Friday, December 30th, 2011

Josh MargolisNext month, the Mission outpost of sausage and craft beer emporium Rosamunde Sausage Grill marks its third birthday. Partner-owner Josh Margolis shared some meaty updates with Bay Area Bites recently: plans for an East Bay Rosamunde location are in the works.

His longtime passion has been to open a beer restaurant, and he first came to San Francisco and worked at Postrio in 1990. The UC San Diego and Culinary Institute graduate is from Los Angeles, and gravitates to Saison and Belgian beer: “Duvel in the bottle is one of my go-to drinks.”

Margolis lives in the Bayview with his husband Raymond Lobato, who is a graphic designer, DJ, artist, and feng shui artist. The two have also lived in the Mission and Noe Valley. “We met in college and have been together 25 years... he DJs here on Friday nights. He did all the artwork. We've been married four times. In 1991, we became domestic partners. Then we did a ceremony in 2000. 2004 was the best one. We saw Gavin Newsom on the news. Then we got in line and we’re probably 80th or 90th in line at City Hall. The place was on fire! The energy and ceremonies were happening every 5 minutes. It was just the two of us, and we saw our old next-door neighbors. They took pics--via cell phone--and became our witnesses.”

How did you open Rosamunde?
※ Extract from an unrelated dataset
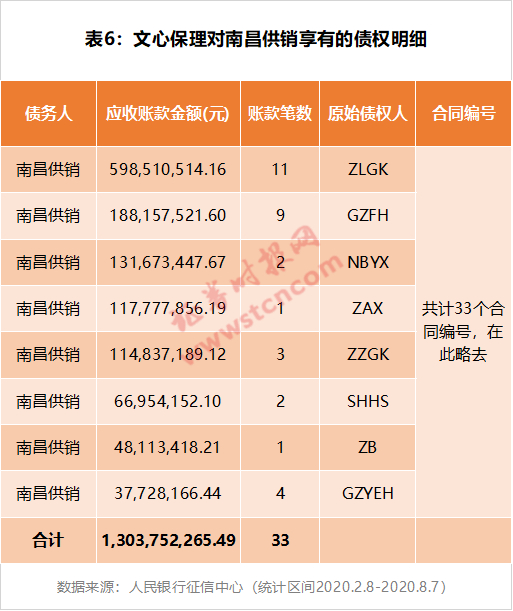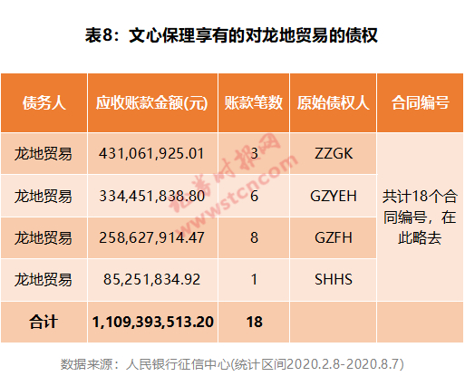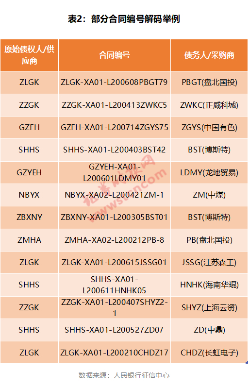 比如,图4中所列的第3条债务人信息显示,文心保理享有对龙岩市龙地贸易有限公司1523.25万元应收账款,合同编号为“GZFH-XA01-L200708LDMY61”,GZFH代表原始债权人(供应商),LDMY代表债务人龙地贸易(采购方)。

Any chance of bringing the Tuesday Rosamunde burger to the Mission?
I partnered with Jennifer Tucci to open the Mission one. We’ve decided to keep the Rosamunde burger at the Haight only. There is a steak sandwich now every day in the Mission. We started the steak sandwich in the summer, as well as a mushroom sandwich. Our vegetarian orders are significant, and we are one of the biggest destinations for veggie diners in the city.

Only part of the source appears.